28 октября, я пишу в одной из записных книжек отца. Я накормила маму апельсином и куриным бульоном. Единственная радость за сегодня.

Я хожу, я наблюдаю, я нянчусь. Часы тикают.

Я пытаюсь есть. Я давлюсь, когда еда касается моего языка.

29 октября. Я пишу. Думаю, если бы мне удалось поспать, я бы проснулась с ответом. Но сон не идет — ни в течение дня, ни глубокой ночью. Сон играет со мной в прятки. Я охочусь на него, судорожно сворачиваясь на диване или закутываясь в оделяло на стуле у маминой кровати. Я даже пытаюсь заползти к ней в постель, занимая прежнее место отца, надеясь, что рядом с чьим-то телом — теплым, дышащим и настоящим — она сможет вернуться в реальный мир.

Но этого не происходит. И даже рядом с мамой у меня не выходит ни на минуту сомкнуть глаз. Сон коварный — он трусливый, — и даже если я зову его по имени, он отказывается показывать свое гнусное лицо.

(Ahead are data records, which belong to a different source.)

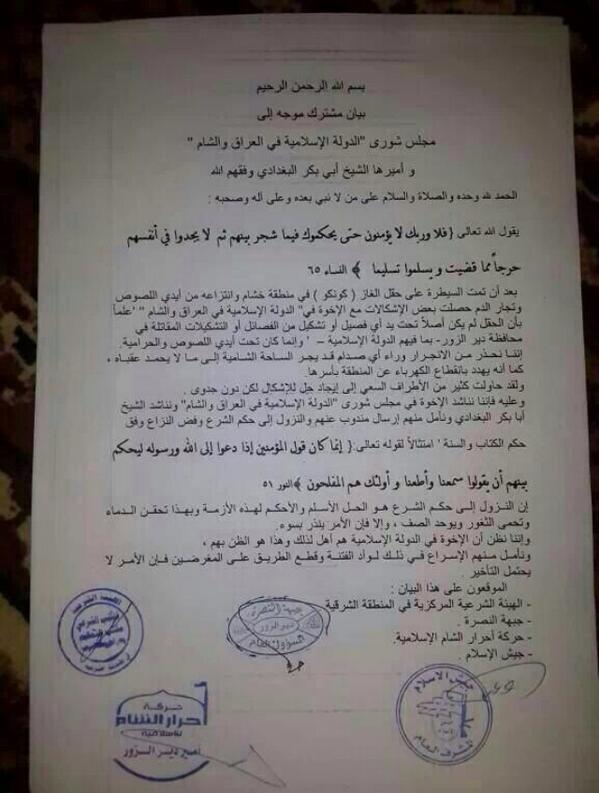 بيان مشترك من جيش الإسلام وجبهة النصرة وحركة أحرار الشام والهيئة الشرعية المركزية في المنطقة الشرقية إلى تنظيم "داعش" يدعو إلى محكمة شرعية لحل قضية حقل كونيكو للغاز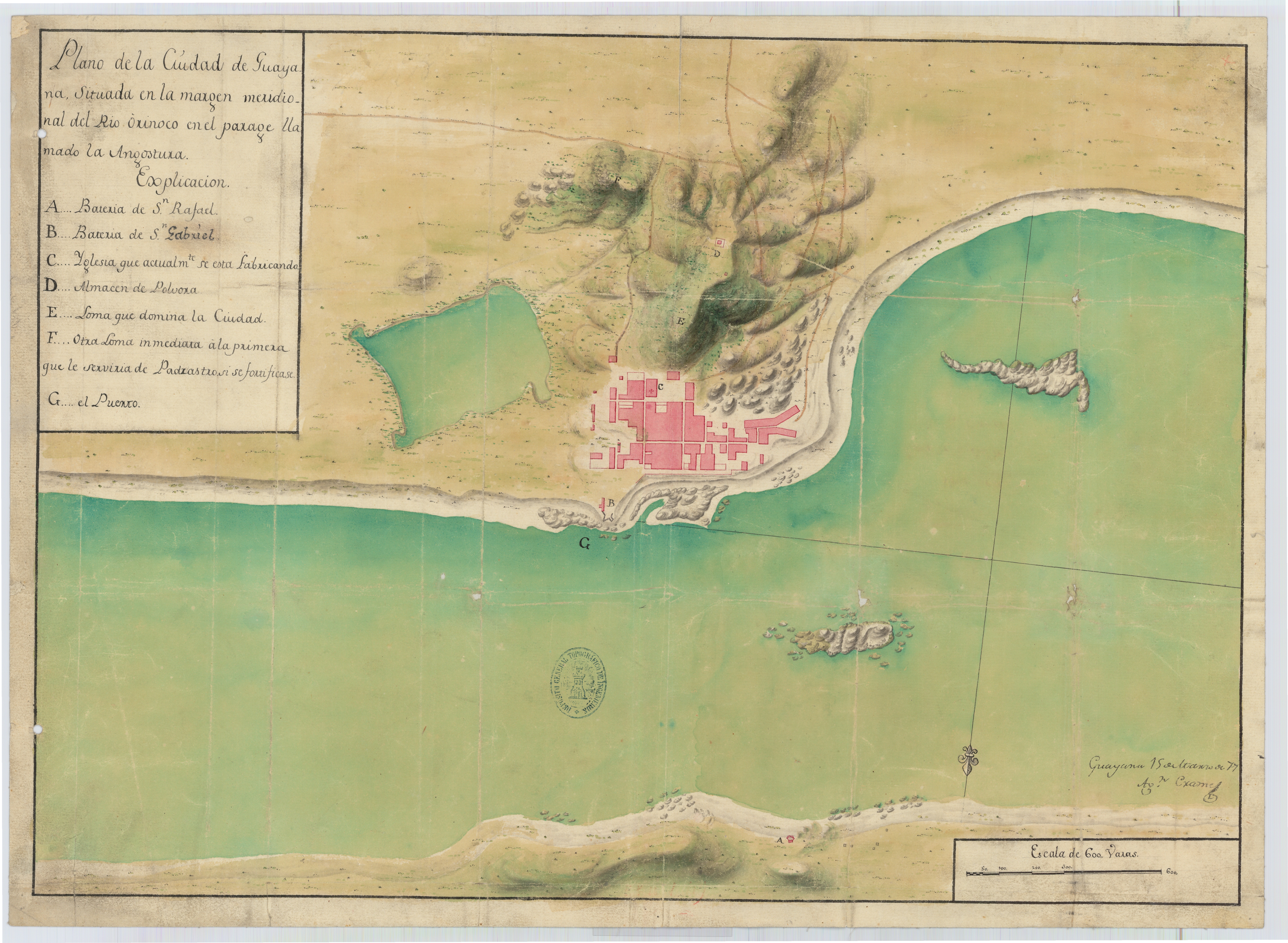 Crame descarta hacer ninguna fortificación en la desembocadura del Orinoco porque quedaría expuesta y no podría impedir que cualquier enemigo penetrase en el río. Una vez en él, la configuración de terreno en los primeros kilómetros no podría impedir su avance hasta llegar al castillo de San Francisco. Crame considera que la fortaleza, aunque de murallas débiles, mantiene un estado generale bueno y tan solo restaría completar su guarnición de 50 hombres y de artillería y municiones. Respecto a la cercana batería de San Diego, considera necesario reforzar sus defensas con un proyecto valorado de 2000 pesos para impedir que el enemigo pueda tomarla. El siguiente punto para reforzar son las defensas de la nueva ciudad de Guayana, de nombre Angostura, mediante diversas reparaciones en la batería de San Gabriel, el emplazamiento en esta batería de seis cañones de a 8 y ocho cañones de a 4, y otros cuatro de a 4 en la batería de San Rafael.
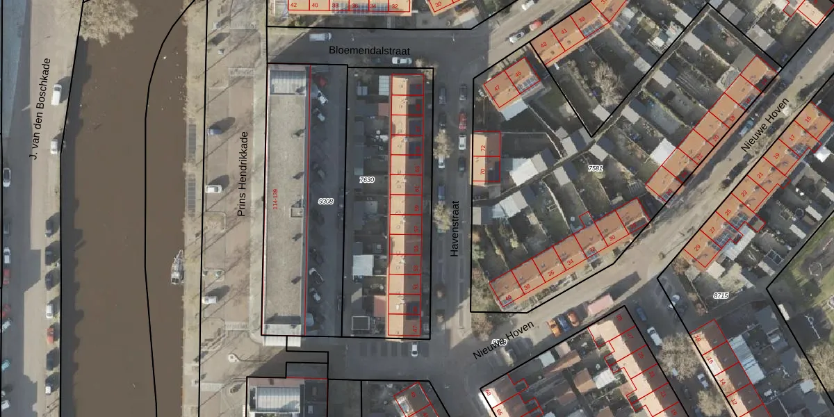 Het perceel waarop Havenstraat 59 staat heeft een oppervlakte van 1300 m². Dit is een zeer groot perceel. De perceeloppervlakte wordt geregistreerd door het Kadaster. Gedetailleerde informatie over de maten van dit perceel kunt u vinden in het rapport Kadastrale kaart met maatvoering van Havenstraat 59.
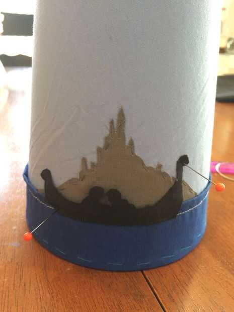 Decide donde que debe ir la canoa, use pernos para sujetarlo mientras cose con el hilo negro.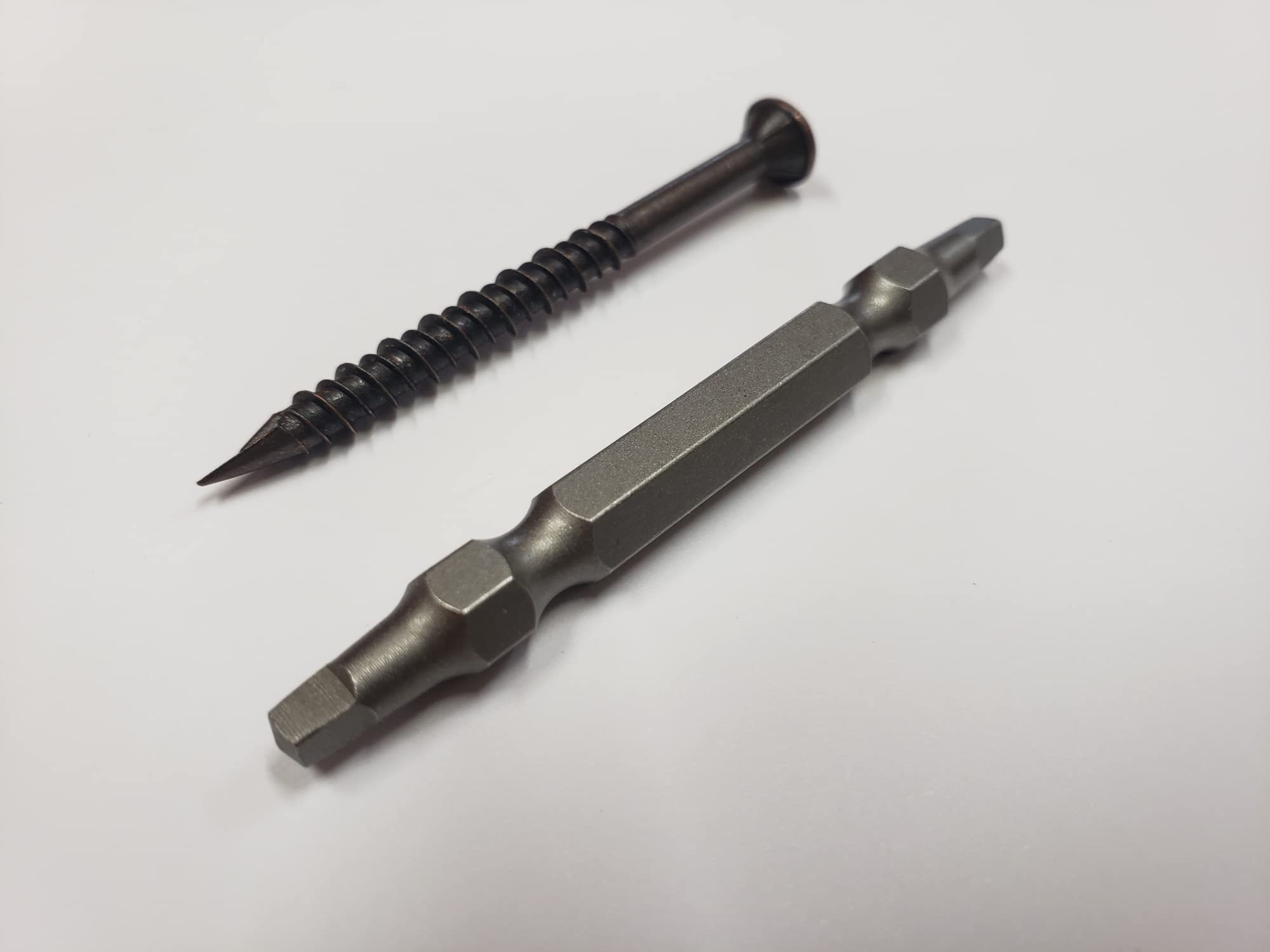 プロにも大好評!一気通貫シリーズにブラウン色が登場!! フレキシブル頭ハイローネジ仕様 ビス先端特殊加工で推進力バツグン! SUS410ステンレス鋼製なので屋外の使用でも錆びにくく、 Φ4.5mmタイプかつ先端特殊加工で抜群の進入力を誇ります! 下穴なしでも打ち込めるため、施工時間短縮も望めます。 1箱(約100本入) ※スクエアビット(#2) 1本付属 カラー:ブラウン色 ビスサイズ:Φ4.5x65mm 最適な下穴ドリル径:3.5mm

Где-то ближе к полуночи, побродив по всем комнатам наверху, я спускаюсь в подвал. Все вокруг захламлено и разбросано, как мамин разум. Я ненавижу этот хлам, который храним: велосипед без колес, холсты, которые мама загипсовала, наполовину использованные тюбики с масляной и акриловой краской, корзины для белья с кучей грязной одежды, даже открытая двухлитровая банка выдохшейся кока-колы на нижней ступеньке. Но какой смысл убираться? Все равно что пихать носовой платок в пулевое ранение — вот что стало с нашей жизнью.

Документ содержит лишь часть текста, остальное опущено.